Data extracted from a collection
* * * *

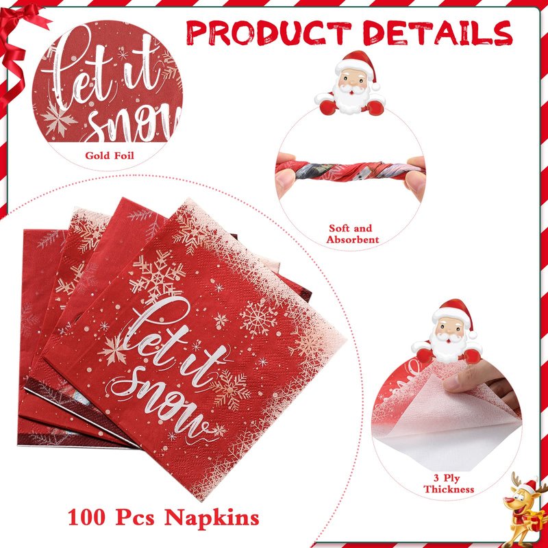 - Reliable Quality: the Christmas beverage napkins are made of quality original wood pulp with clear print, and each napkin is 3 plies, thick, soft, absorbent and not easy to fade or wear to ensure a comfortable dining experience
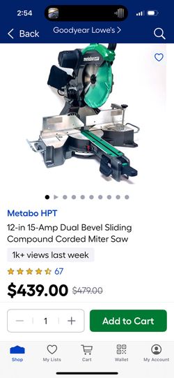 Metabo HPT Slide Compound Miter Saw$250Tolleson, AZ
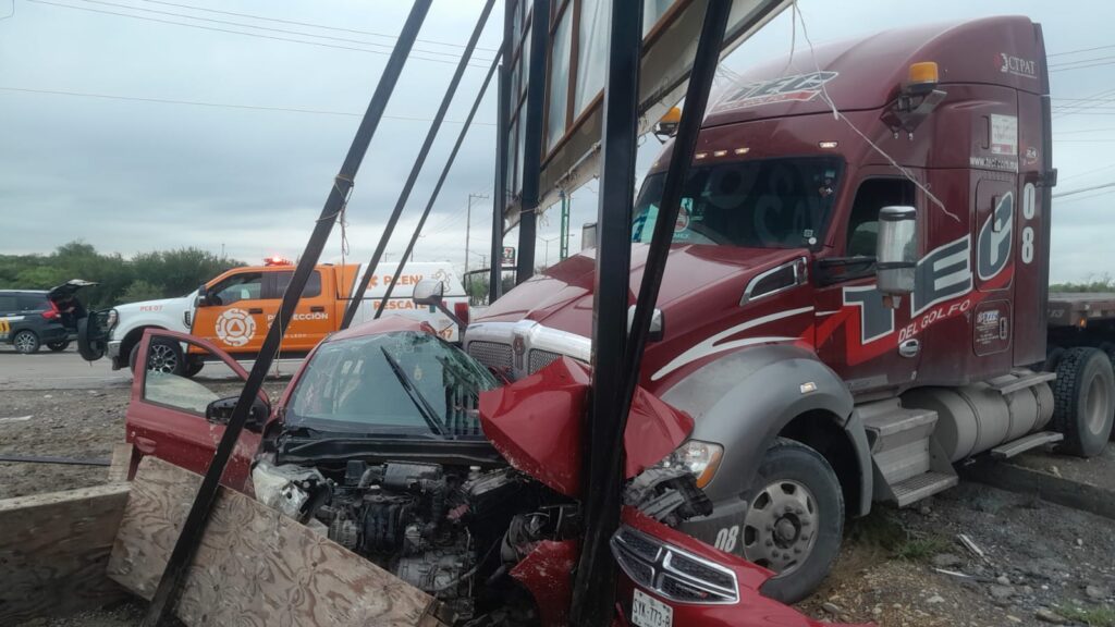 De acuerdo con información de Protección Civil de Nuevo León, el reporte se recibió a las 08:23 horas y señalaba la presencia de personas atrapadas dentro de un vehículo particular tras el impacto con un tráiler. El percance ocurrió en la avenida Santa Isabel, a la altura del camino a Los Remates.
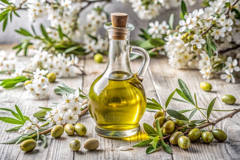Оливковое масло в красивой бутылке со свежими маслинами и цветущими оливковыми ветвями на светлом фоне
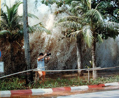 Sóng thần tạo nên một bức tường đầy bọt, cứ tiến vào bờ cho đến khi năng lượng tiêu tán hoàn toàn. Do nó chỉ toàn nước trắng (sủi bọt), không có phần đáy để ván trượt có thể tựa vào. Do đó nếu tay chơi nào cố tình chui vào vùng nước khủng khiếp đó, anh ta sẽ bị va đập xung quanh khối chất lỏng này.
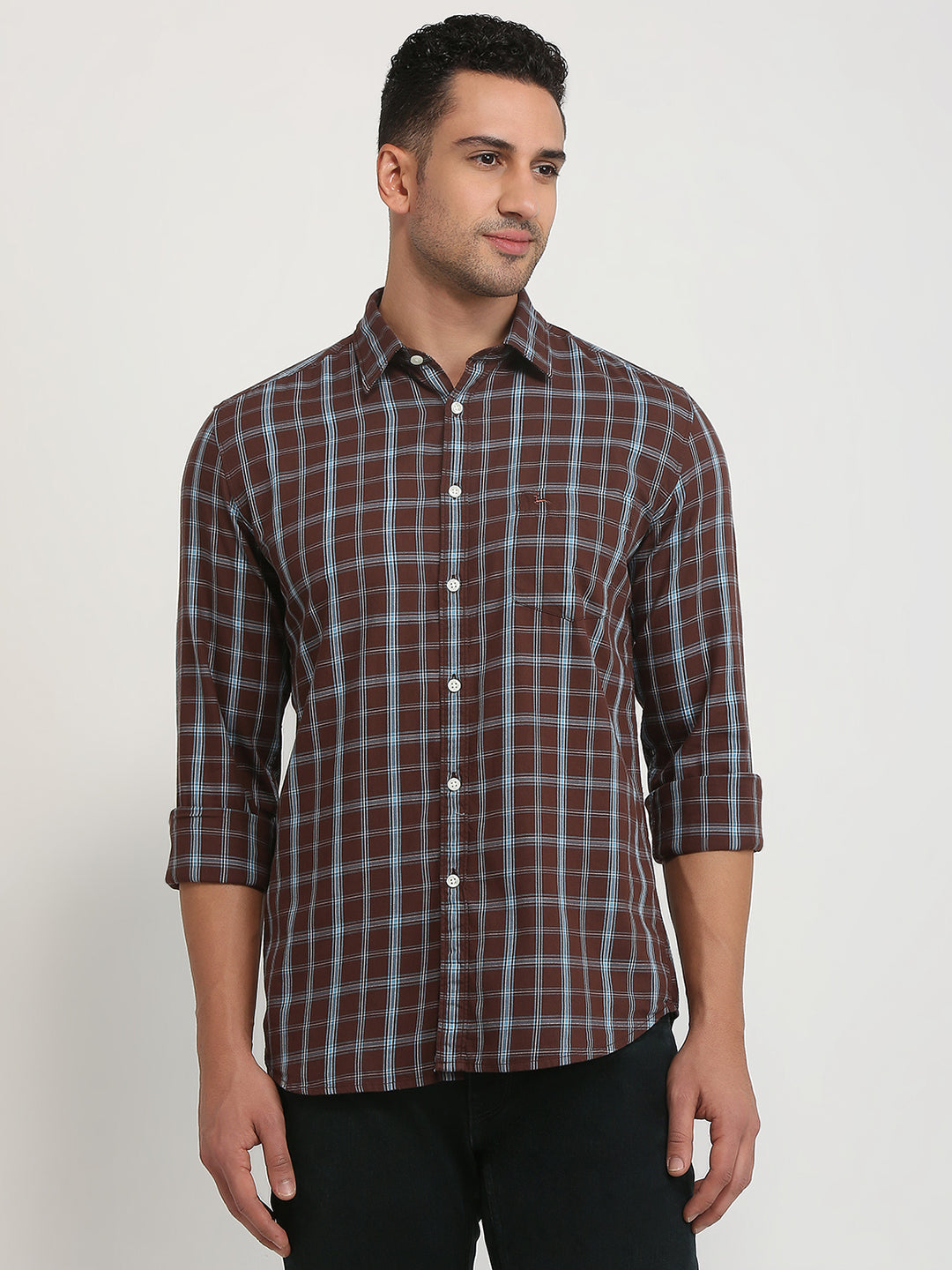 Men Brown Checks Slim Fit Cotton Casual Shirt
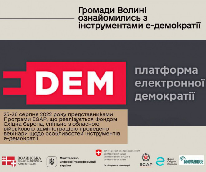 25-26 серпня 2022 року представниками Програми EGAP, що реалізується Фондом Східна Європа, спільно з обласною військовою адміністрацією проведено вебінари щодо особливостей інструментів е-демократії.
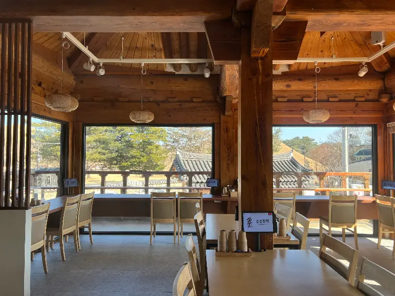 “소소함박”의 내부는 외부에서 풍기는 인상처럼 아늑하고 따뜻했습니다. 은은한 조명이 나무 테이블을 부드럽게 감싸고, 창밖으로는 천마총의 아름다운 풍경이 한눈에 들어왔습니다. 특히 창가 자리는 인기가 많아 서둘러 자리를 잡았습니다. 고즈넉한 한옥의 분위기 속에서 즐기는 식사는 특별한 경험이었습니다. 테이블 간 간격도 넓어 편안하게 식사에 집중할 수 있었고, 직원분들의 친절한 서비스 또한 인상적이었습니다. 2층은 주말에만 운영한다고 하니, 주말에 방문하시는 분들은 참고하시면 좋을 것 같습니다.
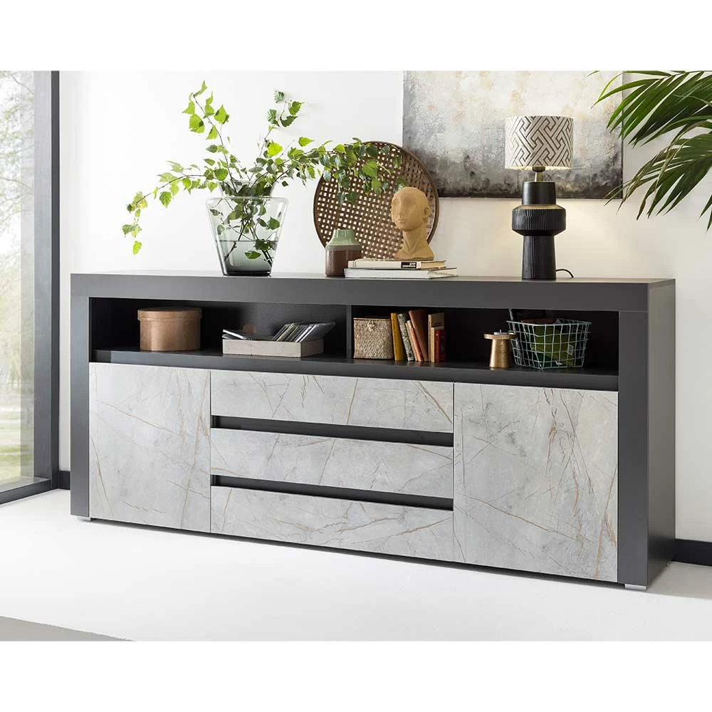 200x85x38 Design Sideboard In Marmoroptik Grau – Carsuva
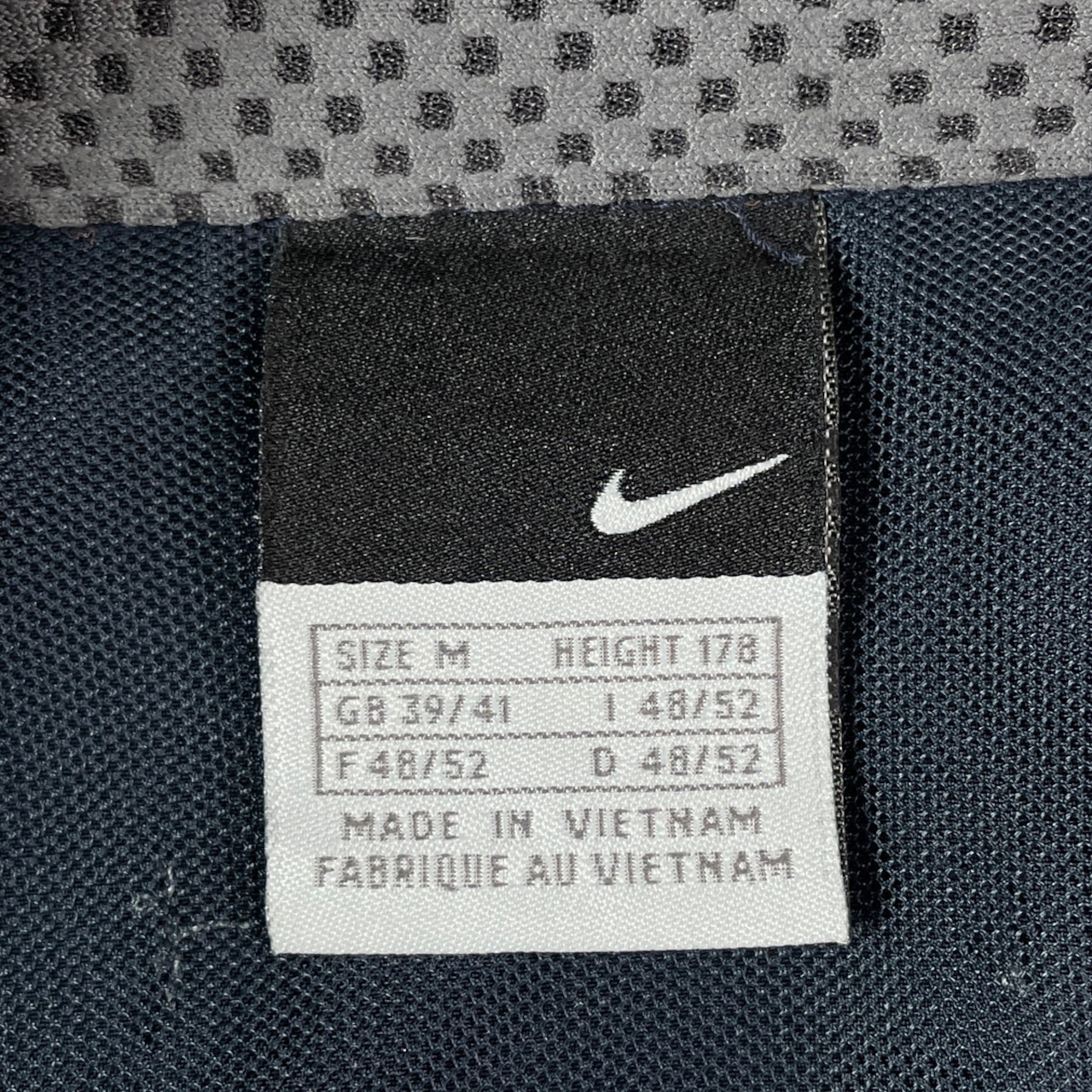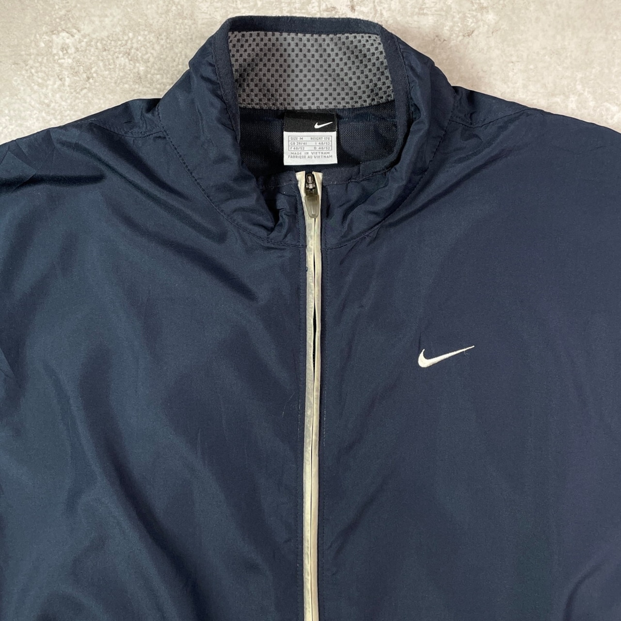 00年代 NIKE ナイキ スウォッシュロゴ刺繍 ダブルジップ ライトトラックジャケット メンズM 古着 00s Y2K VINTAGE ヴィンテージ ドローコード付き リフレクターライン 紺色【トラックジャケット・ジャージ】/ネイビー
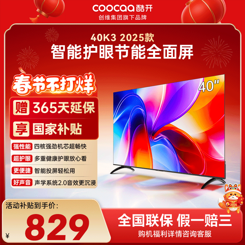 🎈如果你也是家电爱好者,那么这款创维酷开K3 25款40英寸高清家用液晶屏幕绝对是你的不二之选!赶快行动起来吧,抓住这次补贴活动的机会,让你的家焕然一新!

* * * *

INSTRUCTIONS TO FOLLOW:
Please transcribe word for word the lines from the one bearing "Men Brown Checks" through the last line of the records above, omitting the pictures.

ANSWER FOR THIS EXERCISE:
 Men Brown Checks Slim Fit Cotton Casual Shirt
 25-26 серпня 2022 року представниками Програми EGAP, що реалізується Фондом Східна Європа, спільно з обласною військовою адміністрацією проведено вебінари щодо особливостей інструментів е-демократії.
 “소소함박”의 내부는 외부에서 풍기는 인상처럼 아늑하고 따뜻했습니다. 은은한 조명이 나무 테이블을 부드럽게 감싸고, 창밖으로는 천마총의 아름다운 풍경이 한눈에 들어왔습니다. 특히 창가 자리는 인기가 많아 서둘러 자리를 잡았습니다. 고즈넉한 한옥의 분위기 속에서 즐기는 식사는 특별한 경험이었습니다. 테이블 간 간격도 넓어 편안하게 식사에 집중할 수 있었고, 직원분들의 친절한 서비스 또한 인상적이었습니다. 2층은 주말에만 운영한다고 하니, 주말에 방문하시는 분들은 참고하시면 좋을 것 같습니다.
 200x85x38 Design Sideboard In Marmoroptik Grau – Carsuva
 00年代 NIKE ナイキ スウォッシュロゴ刺繍 ダブルジップ ライトトラックジャケット メンズM 古着 00s Y2K VINTAGE ヴィンテージ ドローコード付き リフレクターライン 紺色【トラックジャケット・ジャージ】/ネイビー
 🎈如果你也是家电爱好者,那么这款创维酷开K3 25款40英寸高清家用液晶屏幕绝对是你的不二之选!赶快行动起来吧,抓住这次补贴活动的机会,让你的家焕然一新!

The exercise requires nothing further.